De ki, "Eğer Allah dileseydi ben onu size okumazdım. O da onu hiçbir şekilde size
bildirmezdi. Bilirsiniz ki, ben sizin içinizde bundan önce yıllarca bulundum. Siz hâlâ
aklınızı başınıza toplamayacak mısınız?" (Yunus 10/16)
Hakk'ın hükümlerini gösteren ve şirkin (Allah'a ortak koşmanın) batıl olduğunu ortaya koyan
âyetler, bütün yönleriyle birer kesin belge olarak müşriklere okunduğu veya okunacağı zaman,
Bizimle karşı karşıya geleceklerini ummayan, hakkın huzuruna çıkacak yüzleri bulunmayan, o
kalpleri ve amelleri, düşünceleri ve emelleri bozuk, hak ve hakikat düşmanları, bundan başka
bir Kur'ân getir veya bunu değiştir, dediler veya derler. Hoşlanmadığımız bazı âyetlerini olsun
hoşumuza gidecek şekilde değiştir. Bunda birtakım değişim tadilat ve tebdilat yap, başka bir
şekle koy. Belki o vakit halimize ve çağımıza uygun okuyabileceğimiz bir şey olur gibisinden
dedikodular yayarlar, bununla da sanki Kur'ân'ı Peygamber'in kendisi yapıyormuş gibi bir
ortam oluşturmak isterler ve acaba bu suretle kandırıp bir kaç kelimesini tebdil ettirir de daha
sonra bunu aleyhinde bir delil olarak kullanabilir miyiz, diye düşünürler.

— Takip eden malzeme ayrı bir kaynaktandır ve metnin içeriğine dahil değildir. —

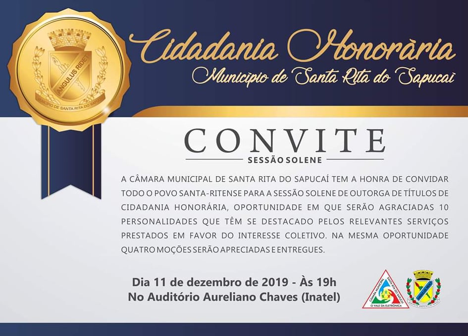 Com grande satisfação, a Câmara Municipal convida todo o povo de Santa Rita do Sapucaí para acompanhar a realização da Sessão em que serão outorgados Títulos de Cidadania Honorária Santa-ritense a dez personalidades que se destacam pelos relevantes serviços prestados em favor do interesse coletivo.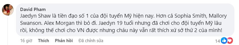 Tài khoản có tên David Pham chỉ ra rằng: "Jaedyn Shaw là tiền đạo số 1 của đội tuyển Mỹ hiện nay. Hơn cả Sophia Smith, Mallory Swanson. Alex Morgan thì bỏ đi.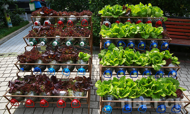 虹旭小區(qū)內(nèi),居民用礦泉水瓶再加工成為“社區(qū)瓶子菜園”。攝影:楊月云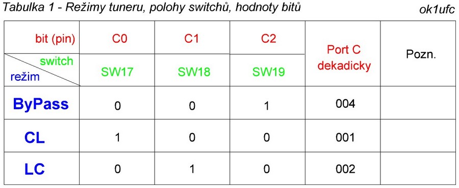 konfigurace CL, LC, ByPass - viz tabulka 1, bajt nabývá hodnot 001,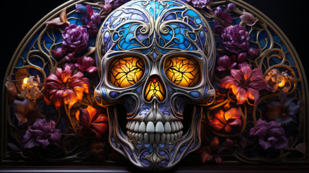 Halloween or day of the dead concept. Accessory in the form of a coloring human skull. Generative AI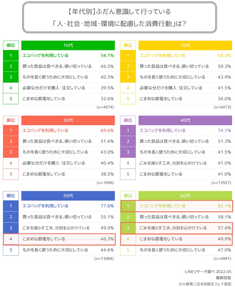 年代別の傾向をみると、全体1位の「エコバッグを利用している」と、2位の「買った食品は食べきる、使い切っている」は、どの年代でも同じ順位となりました。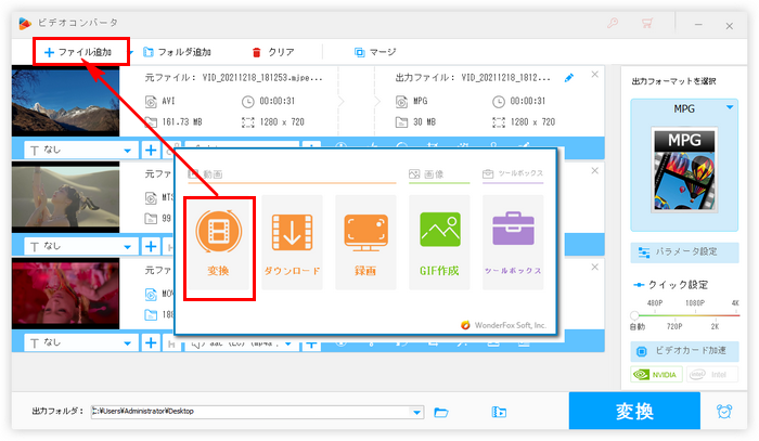 H265エンコードソフトWonderFox HD Video Converter Factory Proを実行し、5つのメイン機能から「変換」を選択します。次に「ファイル追加」または「フォルダ追加」をクリックしてH265で再エンコードしたい動画ファイルを一括で読み込みます。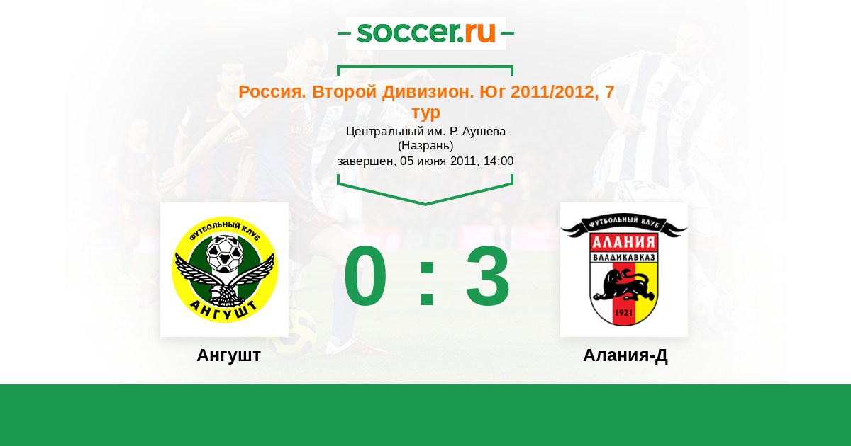 Россия. Вторая лига. Группа 1 09.10.2011 Алания-Д Логотип футбольный клуб Алания-Д (Владикавказ) 1:3 Логотип футбольный клуб Ангушт (Назрань) Ангушт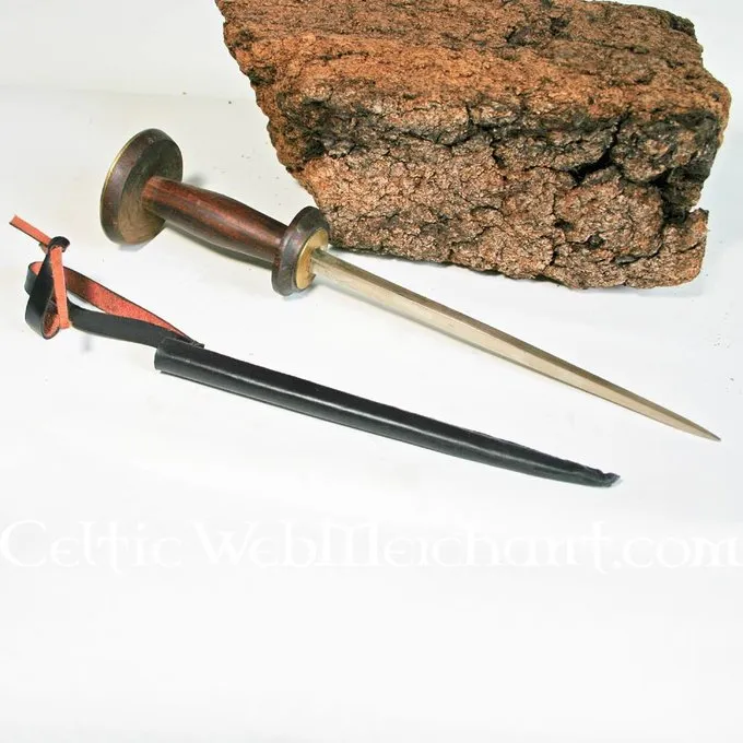 Denne rondel er en kopi af en original fra det tidlige 15. århundrede. Dens længde er 35 cm med et blad på 21,5 cm. Klingen er halvskarpt. Den rondel leveres inklusive en skede. Vejviser Produkt detaljer: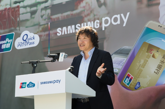 | SAMSUNG PAY HITS CHINESE MARKET — Samsung Electronics said Tuesday that it has rolled out mobile payment solution Samsung Pay, currently available on premium Galaxy handsets including Galaxy S6 and Note 5, in the Chinese market. The mobile payment solution supports credit and debit cards issued by nine Chinese banks including China CITIC Bank, China Construction Bank, and China Everbright Bank. (Samsung Electronics) |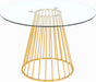 Add a bold touch to your dining area with this chic Gio dining table. Featuring a round, clear tempered glass tabletop and a polished metal base with a wired contemporary design, this dining table transforms your dining space into a stylish haven.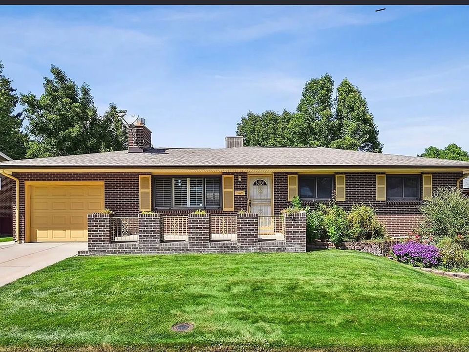 Freshly painted home, 4 bedrooms 3 bathrooms mid-century, brick ranch in Hutchinson Hills. Main floor features open kitchen, dining room and living room. Primary bedroom with 3/4 en-suite bathroom and 2 additional bedrooms and full, hall bathroom. Open rec room in the basement with cozy gas insert fireplace, 4th bedroom ( non-conforming) and laundry room. One car attached garage. Situated on a quiet lot with a spacious and private yard. Just steps from Bible Park, Colorado Athletic Club and RTD Lightrail along with easy access to I-25, I-225, DTC and Downtown Denver. Close to nearby schools, parks, trails, shopping and dining.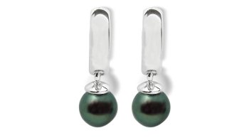 Set in 18K white gold, this exotic and fashionable black Tahitian south sea cultured pearl earring set features two perfectly round, perfectly clean black green pearls. A staple of any woman’s wardrobe, a pearl earring set is a classic that can accompany her through all the most memorable occasions of her life. Black pearls with the sought-after green overtones are amongst the rarest colors. These pearls are “A Quality”, the highest grade of the A, B, C and D nomenclature assigned to grade black Tahitian south sea pearls. The allure of the black pearl is in the way it captures light, refines it and delivers it back in a dark incandescent glow. This earring set features two 9.75mm pearls. Unlike gems that are extracted from the earth and polished, the pearl is the only gem originating from a living organism. American Pearl is widely regarded as perhaps the most reliable and honest source of wholesale pearls anywhere in the world. In business since 1950, American Pearl’s networking legacy is a key reason we are able to operate with the huge patchwork of inside sources and large economy of scale that enable us to import at such drastically reduced pricesÑa savings we happily pass on to our many loyal customers.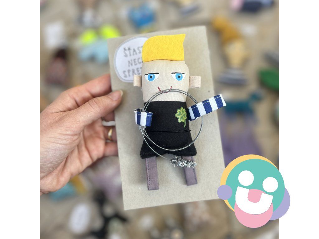 Materiál: 100 % bavlna, filc, magnet, drôt, duté vlákno, farba na textil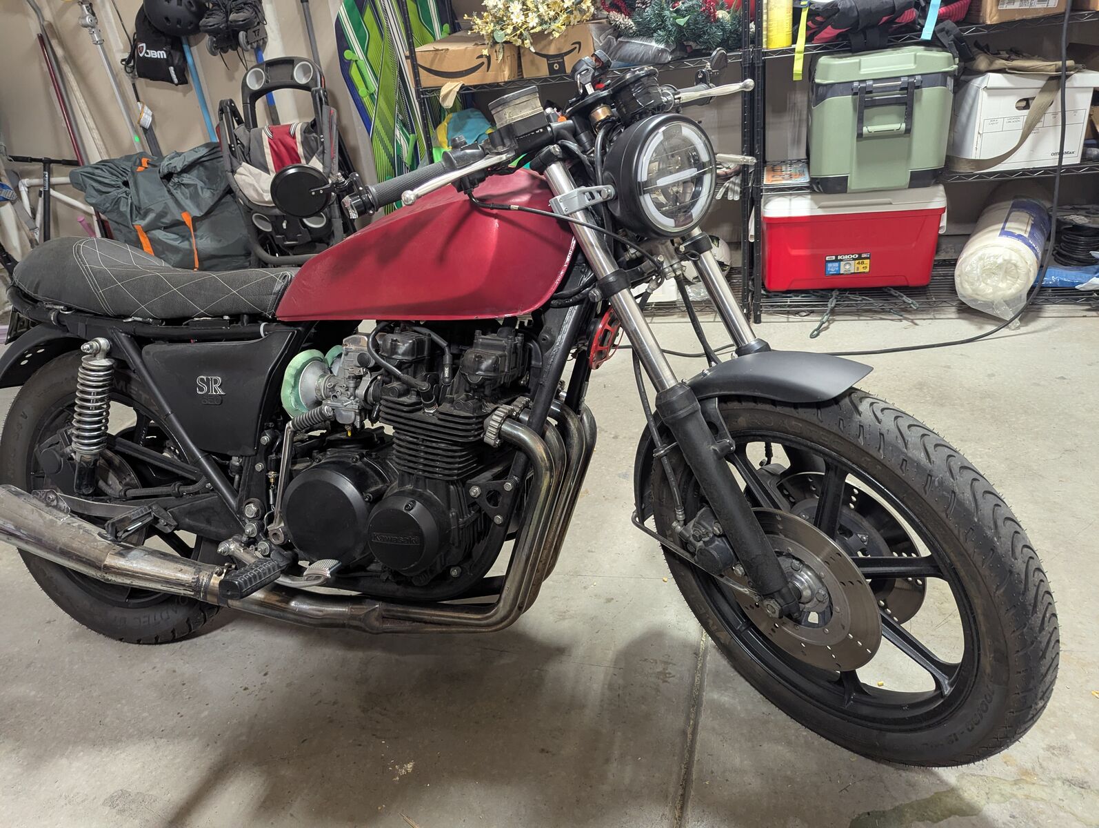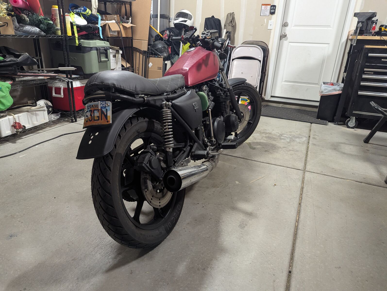 GooglePay($4500 or best offer, shoot me a message I'm open for barganin) I’m selling my 1979 Kawasaki KZ650 D2 SR – a bike I’ve lovingly restomodded over the years. It runs and rides well, and has been an absolute blast to own, and has been garage kept the whole time. While it’s not perfect (see “Issues” below), I’ve tried to preserve its original charm while upgrading all the important things for better performance and reliability. Modifications & Upgrades • Chopped and looped rear frame with integrated LED tail light • Matte black powder-coated frame • Center stand removed • Rear wheel upgraded from 16 to 18 KZ650 C3 wheel (easier tire options) • Custom minimal gauge cluster (speedo only) – tach gear included if you want to reinstall one (will need tachometer) • Racetech Gold Valve fork emulators (turns damper rods into modern cartridge forks) • Upgraded fork springs for emulator compatibility • Pushrod roller kit installed • High-performance clutch springs • Velocity stacks (replaces restrictive airbox) • KZ750 camshafts installed (better power across rev range) • Stiffer valve springs to match cam upgrade • Full LED lighting: headlight (hi/low), turn signals, taillight • Stainless allen bolts swapped throughout (no more stripped Phillips!) • Hella Supertone horn – loud and effective • Integrated bar-end mirrors and handlebar turn signals • Ceramic-coated engine, rims, and forks • Brand-new Metzeler Roadtech 01 tires (~50 miles on them) Recent Maintenance (within the last ~150-200 miles): • Full engine rebuild: o Decked head, lapped valves o Honed cylinders, new piston rings o New crank bearings, bushings, oil seals, and gaskets (including head gasket) o Polished KZ750 cams, valve clearances adjusted • New chain • New tapered steering stem bearings • New clutch friction and drive plates • Cleaned/refreshed ignition points and contacts • New ignition coils • New brake fluid and pads • New rear brake switch • New fork seals, dust covers, and fork oil • New spark plugs • New throttle cable • New swingarm bushings • New handlebar grips • Recent oil change (~10-20 miles ago) • Front and rear wheel bearings rebuilt Extras (included in the sale): • Original 16 rear rim (with old tire) • Tachometer gear (if you want to re-add a tach) • Extra unpainted clutch/chain cover (see “Issues” below) • KZ650 B3 service manual (very similar to D2 model) • Gold Valve emulator tuning guide Known Issues (see photos): • Carburetor needs tuning/re-jetting (bike runs and rides, but could perform better) • Carburetor leaks fuel • Very minor fuel tank leak • Small dents in gas tank • Paint peeling and chips on tank (due to fuel leak) • Crack in current clutch/chain cover (extra included – doesn’t affect function) • Battery works but isn’t strong enough to use the electric starter (kickstart only) • One camshaft cap bolt was helicoiled after being stripped – now stronger than original • The exhaust header has a minor dent in it. It (the exhaust, not the bike) was dropped by the previous owner • Rear peg rubbers are torn Additional Notes: • The original odometer was replaced with a smaller unit; the bike had 25,248 miles on the engine before the rebuild. Current odometer only reflects post-rebuild miles (176 at time of writing). • Custom wiring harness to support LED system Why I’m Selling: I truly love this bike, but I just don’t have the time to tinker with an older machine anymore. As much as I’ve enjoyed the project, I’ve grown tired of dealing with carburetors – too much dark magic for me. It’s time to pass it on to someone who’ll appreciate it as much as I have.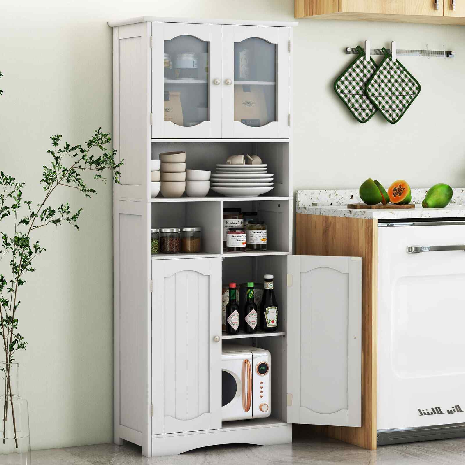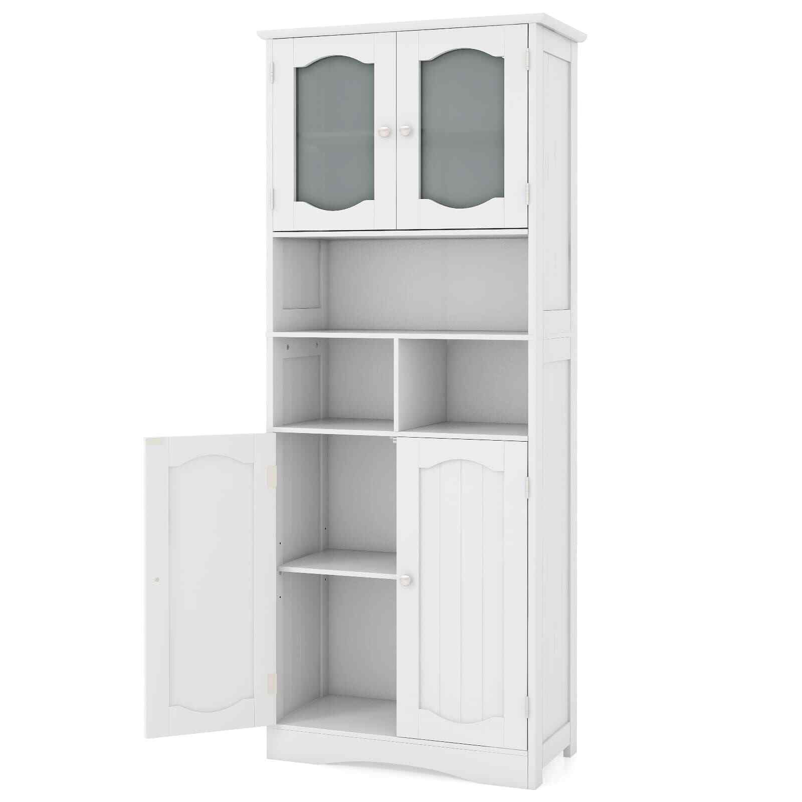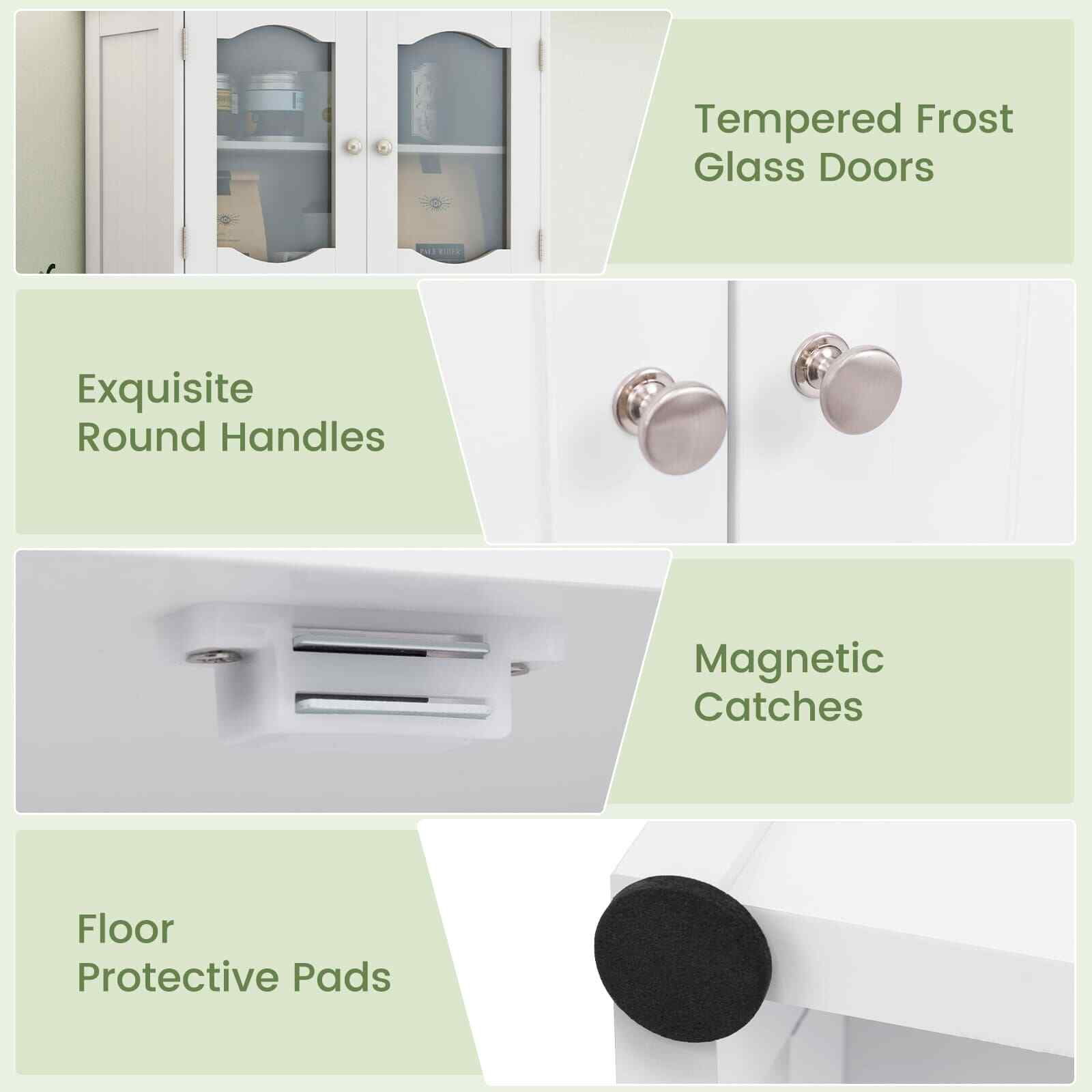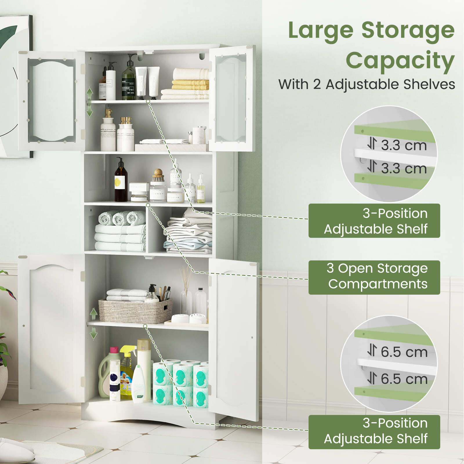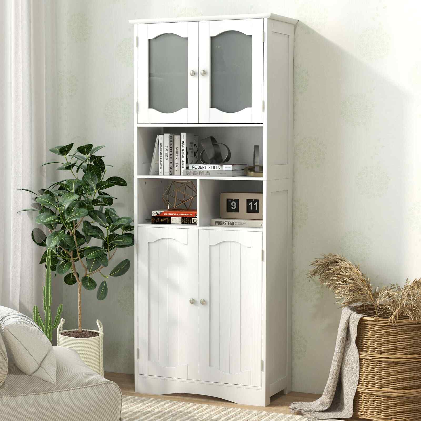 148cm Tall Bathroom Cabinet Freestanding Storage Cabinet with Glass Doors White

Sen de de ki: bana, onu kendi yanımdan değiştirmek diye birşey yoktur, ben hiçbir şeye değil,
bana ne vahyolunuyorsa ben ancak ona uyarım.
Fakat bu senin kendi sözün, sırf kendi kendine ileri sürdüğün iddiaların, diyecek olurlarsa,
yalnızca bu haberle kalmayıp, bunu yani Kur'ân'ın vahiy olduğunu akıl yoluyla da isbat etmek
ve gözler önüne sermek için ey Muhammed, de ki; eğer Allah dileseydi ben size karşı bunu
okumazdım bile ve Allah, size onunla ilgili hiçbir bilgi vermezdi. Benim dilimle size onu
bildirmezdi, hiç duyurmazdı, sizi ondan haberdar bile etmezdi. Allah, benim bu Kur'ân'ı size
okumamı ve size bunu bildirmemi dilemeseydi, ne ben bunu böyle size okurdum, ne de benim
dışımda başka bir yolla sizi ondan haberdar ederdi. Siz böyle birşeyi asla duymazdınız. Fakat
Allah dilediği için böyle oluyor. Zira bundan önce bu kadar sene sizin aranızda ömür sürdüm
durdum.
Yani Kur'ân vahyolunup, peygamberlik verilmeden önce bütünüyle bir ömür denecek uzunca
bir süre, yani kırk yıl kadar sizin içinizde, sizinle birlikte yaşadım, içinizde bir ömür geçirdim,
Ta çocukluğumdan beri bütün ayrıntıları ile hayatımı nasıl geçirdiğimi bilirsiniz, ve pekâlâ
bilirsiniz ki, ben bütün o süre içinde birşey okuyor muydum? Kur'ân'ın gerek icazkâr nazmına,
gerek içindeki mânâ ve hakikatlere ait size birşey söylüyor muydum? Nazım veya nesir olarak
edebiyat ile hiç meşgul olduğum var mıydı? Size şairlik, hatiplik, müelliflik taslıyor muydum?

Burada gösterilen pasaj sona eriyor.